Había un ambiente grupal cómodo, de buen humor. Entre risas y bromas habituales en este tipo de viajes, llegamos a la cima marcada por el volcán que domina el sur de la isla. De modo natural nos sentamos en las inmediaciones frente a unas piedras formando  un círculo más o menos amplio, al que se sumó en el último momento Virginia completando la  figura. Desde aquella altura  pudimos sentir como un regalo  una energía especial, como un lugar privilegiado y mágico donde la lejanía misteriosa del cielo   y el fuego magmático del  interior de la tierra  parecían estar conectados. En la increíble vista que quedaba bajo nosotros comprendí, que si aquella isla estaba bien conservada no era por casualidad, sino porque sus pobladores se habían ocupado de ello, respetando los tiempos de la naturaleza, renunciando en muchos casos a sus deseos más inmediatos, y ahora varios siglos después de que llegaran sus primeros pobladores, esa isla era un regalo para nosotros y las siguientes generaciones.    
Se hizo la hora de volver y Virginia me pidió que la acompañara hasta el borde del cráter. Nos deshicimos del grupo, y lo hice. Me dio miedo por ella, me resultaba insensato dejarla  sola y a la vez temía acercarme demasiado. Pero su determinación era firme, y traté de ocultar no sé si el sentido común o la cobardía. Ya en el borde, comenzamos un cierto descenso caminando a la vez que descendiendo de un modo helicoidal, que me pareció peligroso. Le incité a parar, dada la absurda peligrosidad en la que me estaba enredando y tuve que acercarme a ella y agarrarla para detener su marcha. Se quitó su pequeña mochila de la espalda, y sacó de ella una vieja agenda de formato grande, con portada pasada de año y de moda. Me explicó  que era una de esas agendas que quedan vacías en la estantería de un año ya desfasado, y que en  ella había estado escribiendo toda la noche, su círculo abierto, aquel incapaz de cerrarse. Ya había hecho todo lo que estaba en sus manos y solo faltaba  darle un adiós definitivo. Mostrándome la agenda medio agarrada contra su vientre me sugirió que la leyese. No supe que hacer, dudé  pero pensé que debía y lo hice. Toda la belleza de la isla se me revolvió en un instante. Las palabras enlazadas, las ideas,  los pensamientos, cualquier frase a mano, iba a sonar no solo absurda sino inconveniente.

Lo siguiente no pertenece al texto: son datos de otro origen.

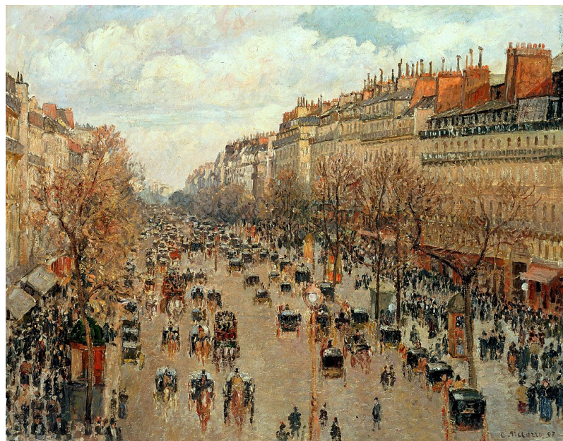
Figure 2. Camille Pissarro, Boulevard Montmartre Afternoon Sunshine , 1897, oil on canvas, 74 x 92.8 cm., Hermitage Museum, Saint Petersburg, Russia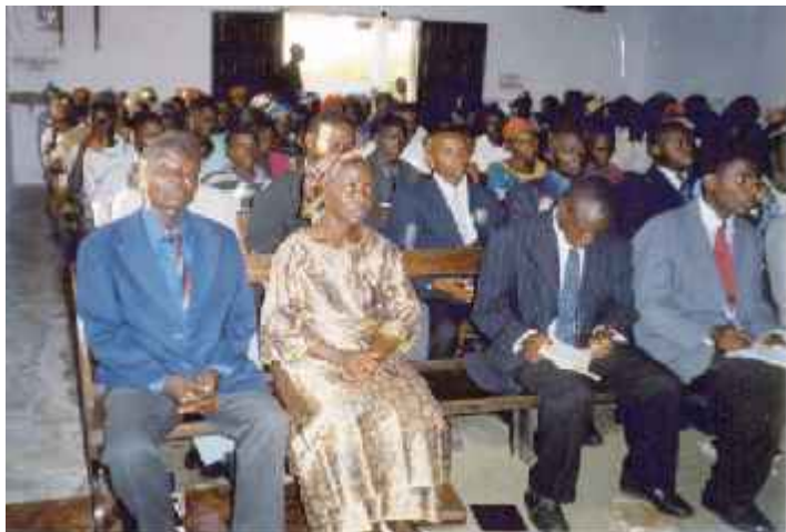
Worshippers at one of the meetings

Heaven literally came down recently in Gaye Town, Monrovia, when The Apostolic Faith Churches in Liberia held their 2006 camp meeting. The two-week event was attended by delegates from across West Africa. It was a unique opportunity to savour the new dawn of peace that recently enraptured the country.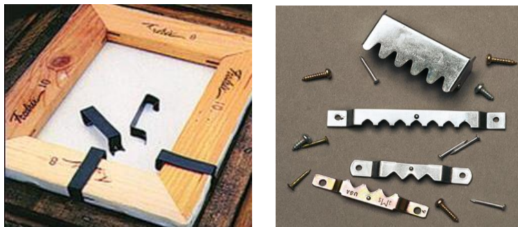
Clip style frame mounts and strip hangers are not acceptable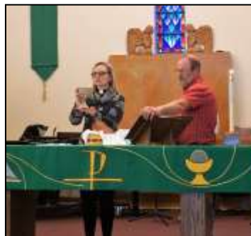
The Assisting Minister provides a lay volunteer to help the Presiding Minister in leading worship.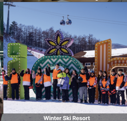
Winter Ski Resort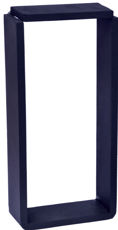
WallMax® Rectangular Metal Frame Openable (WRFO)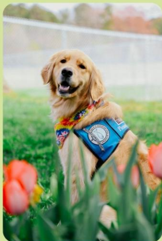
FAITH COMFORT DOG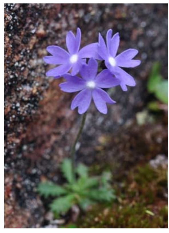
Left: Primula primulina with its "cottonball" centers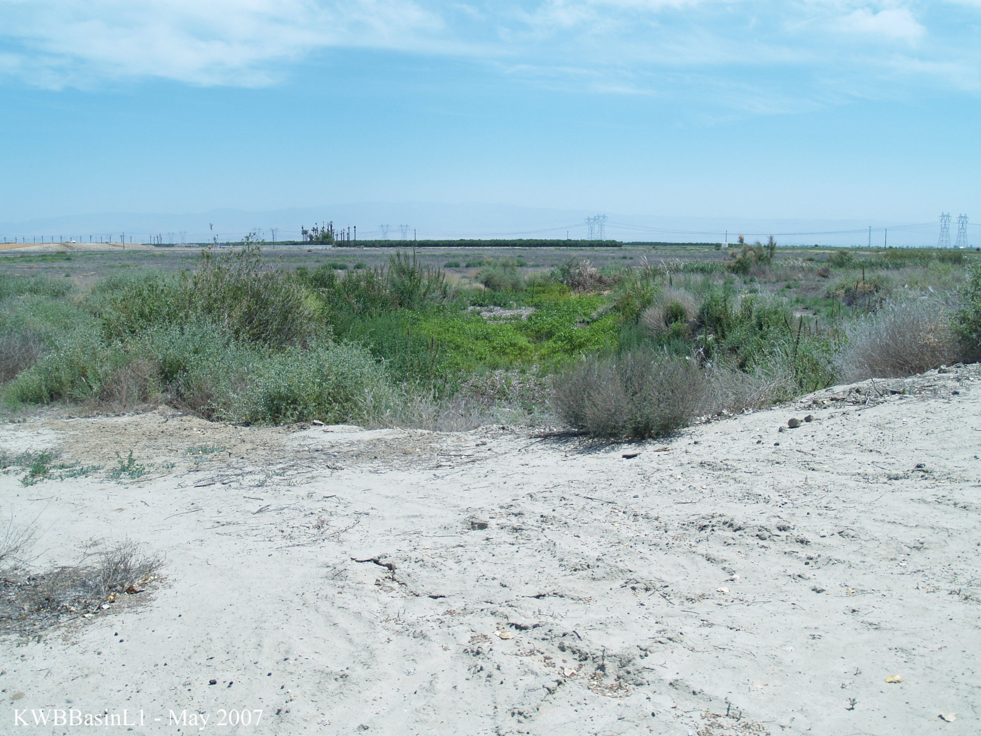
KWBBasinL1 - May 2007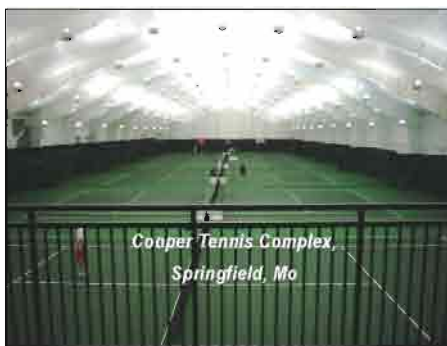
Cooper Tennis Complex, Springfield, Mo

An RE Smith Construction metal building system offers significant cost and performance advantages for business and manufacturing, non-profit organizations, and educational institutions when compared to conventional construction methods.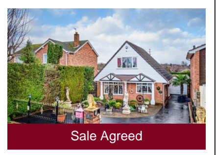
5 Bratch Common Road, Wombourne, Wolverhampton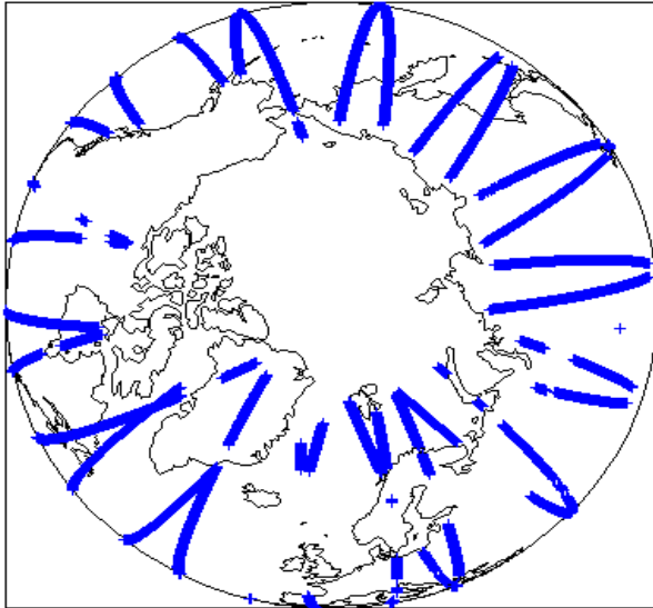
Global Coverage (north pole view)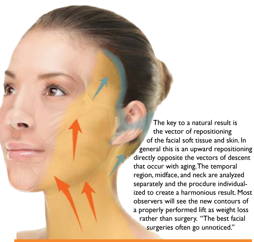
DIAGRAM OF FACELIFT: FASCIA AND SKIN ARE LIFTED & REPOSITIONED

An optimal aesthetic transformation will always involve elements of all 4 steps. Tightening the face and neck without improving complexion tone and texture, and investing in the skin care and lifestyle changes to maintain it, won't create a natural-looking, long-lasting change you desire.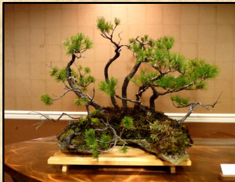
Literati Shore Pine Forest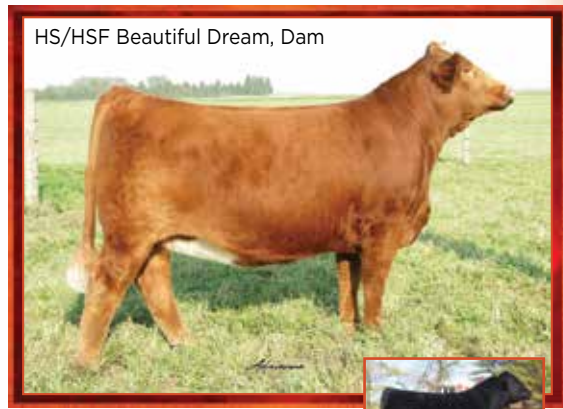
HS/HSF Beautiful Dream, Dam

A.I. Sire: CDI Innovator 325D on 5-23-19 Est. Plan Mating EPDs: 13 .35 84 127 .27 6 20 62 13 13.8 Carcass: 53.6 -.36 .16 -.07 1.12 125 79 Pasture Sire: VPF/KLOP Prime Time 72D from 6-1 to 9-1-19

De nuevo volvimos al silencio compartido, le devolví la agenda, y ella hizo ademán de lanzarla a la sima que se abría ante nuestros pies, pero se detuvo. Entonces le incité a que no se detuviera, mientras ella no acababa de decidirse.  Le costaba  un mundo deshacerse de esas hojas encuadernadas y ya obsoletas…«¿Por qué te resistes?» le pregunté. « No es nada», me dijo Virginia, «estaba  pensando en si he hecho todo lo que tenía que hacer antes de deshacerme por completo de esto» Y despacio, con un gesto como de niña lanzando una piedra al vacío se deshizo de su agenda triste y bella a la vez, de la femme qui  pleure. Entonces en aquel gesto de niña tirando una piedra al vacío caí en la cuenta de que sí que conocía a Virginia de hacía  muchos años, de niños en un verano perdido ya en el tiempo y la memoria y recordé algo desdibujada la sonrisa  feliz que habitaba en ella.  Al rato un olor a azufre, a humo de ceniza, nos avisó que algo estaba pasando. Decidimos aguantar a medio camino entre el miedo y la fascinación del sonido que quedaba bajo nuestros pies.  Enseguida nos llegaron los primeros fogonazos mezclados de fuego, lava y partículas. Salimos corriendo, pinchándonos con los cardos de un camino áspero, que dañaba con alguna que otra piedra  nuestros tobillos casi sin enterarnos.  La lava avanzaba sin esfuerzo a la par que nosotros incrédulos de lo que estaba ocurriendo.  
Por un momento me sentí culpable. Culpable de que alguien que nada tuviera que ver con esto pudiera verse afectado por la lava. Un humo negro empezaba a cubrirlo todo confundiéndonos el camino de vuelta. Se hacía de noche. Vimos una casa aislada en el paisaje con luces encendidas  y nos acercamos a la puerta. Sin necesidad de llamar nos abrió  un hombre ya mayor  que nos incitó a pasar sin sorprenderse demasiado de nuestra presencia «Pasen, os estaba esperando. Siempre pasa. En breve se apaga» ya dentro de la casa nos tranquilizó con una presencia confiada y sin darle demasiada importancia comentó que eran bastantes las personas que venían al volcán con el mismo propósito que el nuestro.  Nos ofreció ducharnos en el patio de la casa con el agua de un depósito, y nos prestó ropa nueva, limpia y blanca , y desde allí bajamos al pueblo más cercano.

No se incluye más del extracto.